Rajapakse is seen as a go-getter and connects with voters from the
majority Sinhalese community as someone who was not raised in the
Western-oriented ways of most previous Sri Lankan leaders. Rajapakse
studied at a local school and qualified as a lawyer.
He championed populist measures as the country's Labour Minister in
1994 and later became the Fisheries Minister.
Rajapakse, born on November 18, 1945, to Sinhalese parents turned
from law to politics at the age of 24, and was elected to Parliament
from Hambantota.
His father had also been a legislator from the same constituency
between 1947 and 1960.Former premier Ranil Wickremesinghe claims credit
for freezing a decades-long ethnic war but that has not translated into
deep support among the Sinhalese majority crucial to victory.
Wickremesinghe says he will revive talks with the LTTE and cut a peace
deal "within two to three years" to end the ethnic conflict.
Wickremesinghe has told voters that he is the "peace candidate".
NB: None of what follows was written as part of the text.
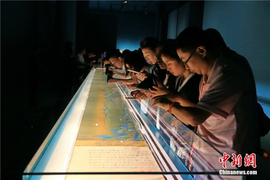 觀眾在北京故宮博物院參觀《千里江山圖》。中新社發(fā) 劉憲國(guó) 攝
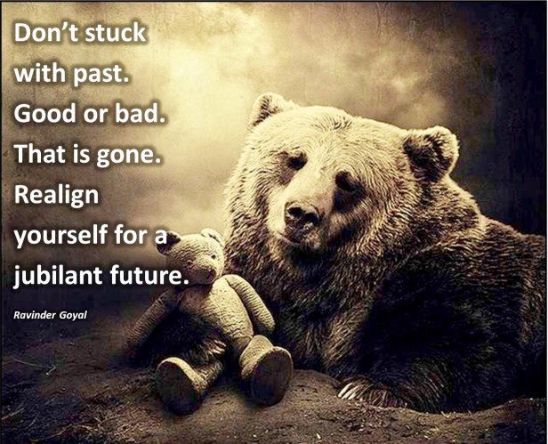 My Quotes Quote of the day… Date: December 29, 2016Author: Ravinder Goyal 0 Comments Don’t stuck with past. Good or bad. That is gone. Realign yourself for a jubilant future. Share this:TweetShare on Tumblr Click to share on WhatsApp (Opens in new window) WhatsApp Click to share on Reddit (Opens in new window) Reddit Click to email a link to a friend (Opens in new window) Email Like Loading...

However, it is the early success of his peace efforts, which brought
a ceasefire in an ethnic conflict that probably led to his defeat in
April 2004 elections.
In 2002, Wickremesinghe entered into a truce with the LTTE and moved
quickly to reform the country's economy.
But later in his term, many voters took the ceasefire for granted and
focused more on painful economic reforms that did not create new
employment opportunities. A nephew of Sri Lanka's first executive
president, Junius Richard Jayewardene, Wickremesinghe wooed the West as
well as neighbouring India and won support for ending bloodshed on the
island.
The international dividend came in June 2003 when countries promised
US$ 4.5 billion to support the peace drive and rebuild the war-ravaged
country. But it did not translate into domestic support because much of
the money remains unused.
Wickremesinghe told AFP in a recent interview that he wants to unite
the main majority Sinhalese parties while pursing peace with the LTTE.
Wickremesinghe entered the political arena in the 70s and rose
through the ranks to become Prime Minister in May 1993 when a suicide
bomber assassinated President Ranasinghe Premadasa.
The frontrunners are also poles apart on how to turn around Sri
Lanka's battered economy.
While Wickremesinghe wants to push ahead with market-friendly reforms
and woo foreign investments, Rajapakse is seeking a socialist system.